However, RefSeq is similar to a review article in that it represents 
a synthesis and summary of information by a particular group (NCBI or 
other RefSeq contributors) that is based on the primary data gathered 
by many others and made part of the scientific record. Also, like a 
review article, it has the advantage of organizing a large body of 
diverse data into a single consistent framework with a uniform set of 
conventions and standards.

Note that while based on DDBJ/EMBL/GenBank, RefSeq is distinct from 
DDBJ/EMBL/GenBank. DDBJ/EMBL/GenBank represents the sequence and annotations 
supplied by the original authors and is never changed by NCBI or RefSeq staff. 
DDBJ/EMBL/GenBank remains the primary sequence archive while RefSeq is a 
summary and synthesis based on that essential primary data.

1.4 Uses and applications of the RefSeq database
------------------------------------------------
A stable, consistent, comprehensive, non-redundant database of genomes
and their products provides a valuable sequence resource for similarity 
searching, gene identification, protein classification, comparative 
genomics, and selection of probes for gene expression. It also acts as 
molecular "white pages" by providing a single, uniform point of access 
for searching at the sequence level, and by connecting the results with 
a diversity of organism-specific databases or resources unique to that 
organism or field. 

=============================================================================
2. CONTENT
=============================================================================
2.1 Organisms included
----------------------
This number of organisms reported for the release (section 3.5 below) is 
determined by counting the number of distinct tax_ids included in the release.
Tax_ids are provided by the NCBI Taxonomy group.

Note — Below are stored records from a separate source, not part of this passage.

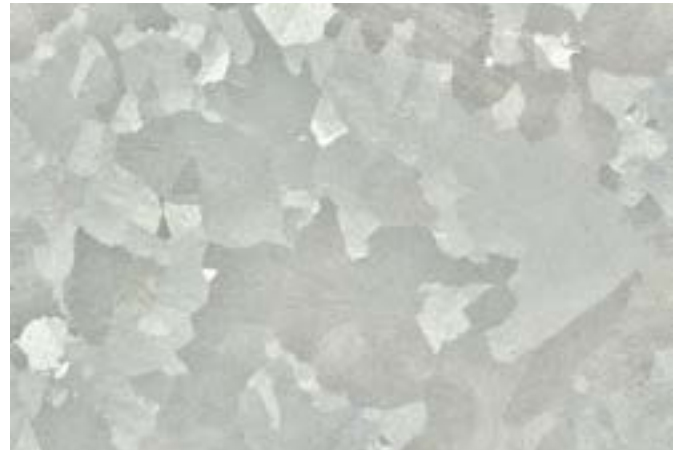
Verzinkt oppervlak staal

In onderstaande paragrafen wordt ingegaan op het voorkomen van roest, het aanbrengen van een kleur en het herstellen van beschadigde coating op stalen delen van lichtmasten.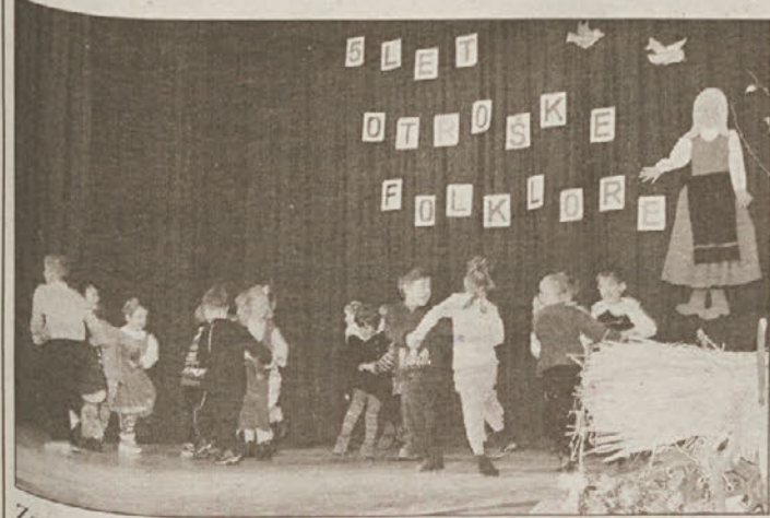
Za uvod so zapeli in zaplesali najmlajši.

peto obletnico delovanja. Tako so se zbrali v tamkajšnji kulturni dvorani številni obiskovalci, da skupaj z mladimi folkloristi obeležijo jubilej. Pridružila se jim je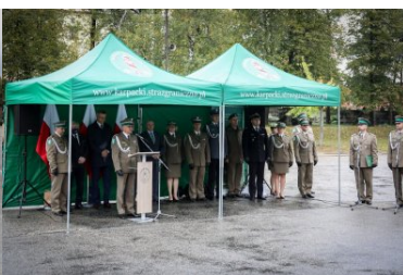
Uroczystości w Placówce SG w Kielcach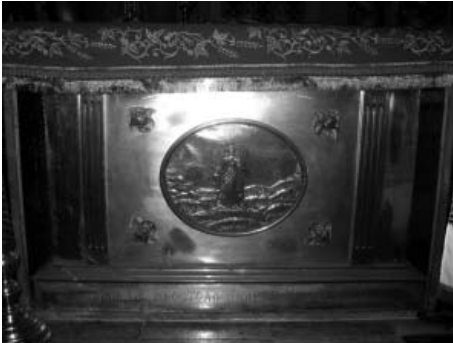
Мал. 1. Престол Андріївської церкви

Метою даної розвідки є дослідження історії престолу Андріївської церкви, що передбачає вирішення наступних завдань: установлення часу його виготовлення; визначення символіки матеріалів, з яких були створені престол і його оздоба; аналіз зображень на облаченні престолу; ідентифікація майстрів і замовників, завдяки зусиллям яких «сакральний центр» Андріївської церкви нині є справжньою пам'яткою мистецтва.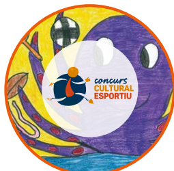
Concurs Cultural i Esportiu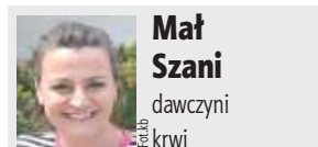
Mał Szani dawczyni krwi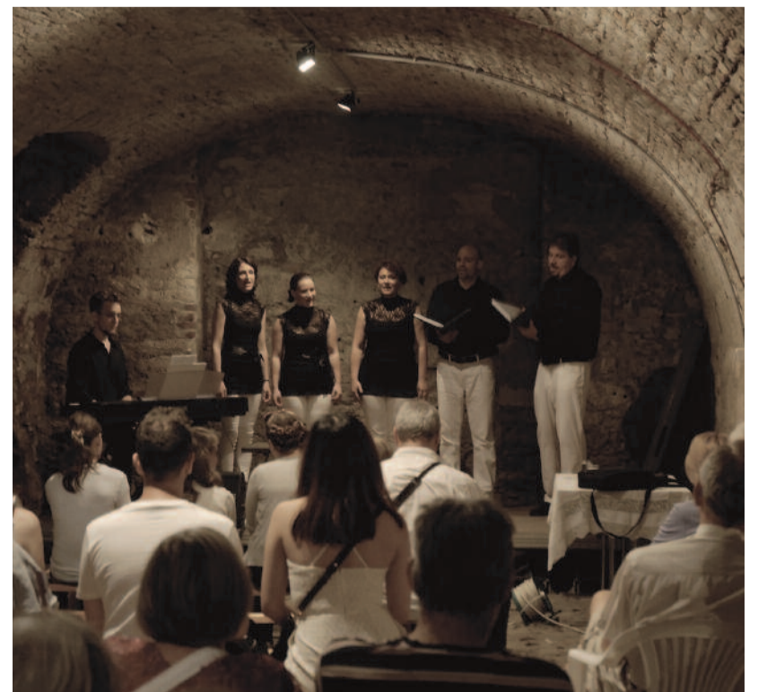
Éneklők (Cantus Ludus)

Tax_ids were historically 
provided for all species and strains having any amount of sequence data. In 2014
NCBI stopped assigning strain-level tax_ids. Strains are now being tracked by
the BioSample database.  

The release includes species ranging from viral to microbial to eukaryotic and 
includes organisms for which complete and incomplete genomic sequence data is 
available.  

The release does not include all species for which some sequence data is
available in DDBJ/EMBL/GenBank. The decision to generate RefSeq data for a 
species or strain depends in part on the amount of sequence data available.  
Additional species will be represented in the RefSeq collection as more
sequence data becomes available.

2.2 Molecule Types Included
---------------------------
The RefSeq release includes genomic, transcript, and protein sequence data; 
however, these molecule types are not provided for all organisms and the 
sequences provided may not be complete or comprehensive for some species.  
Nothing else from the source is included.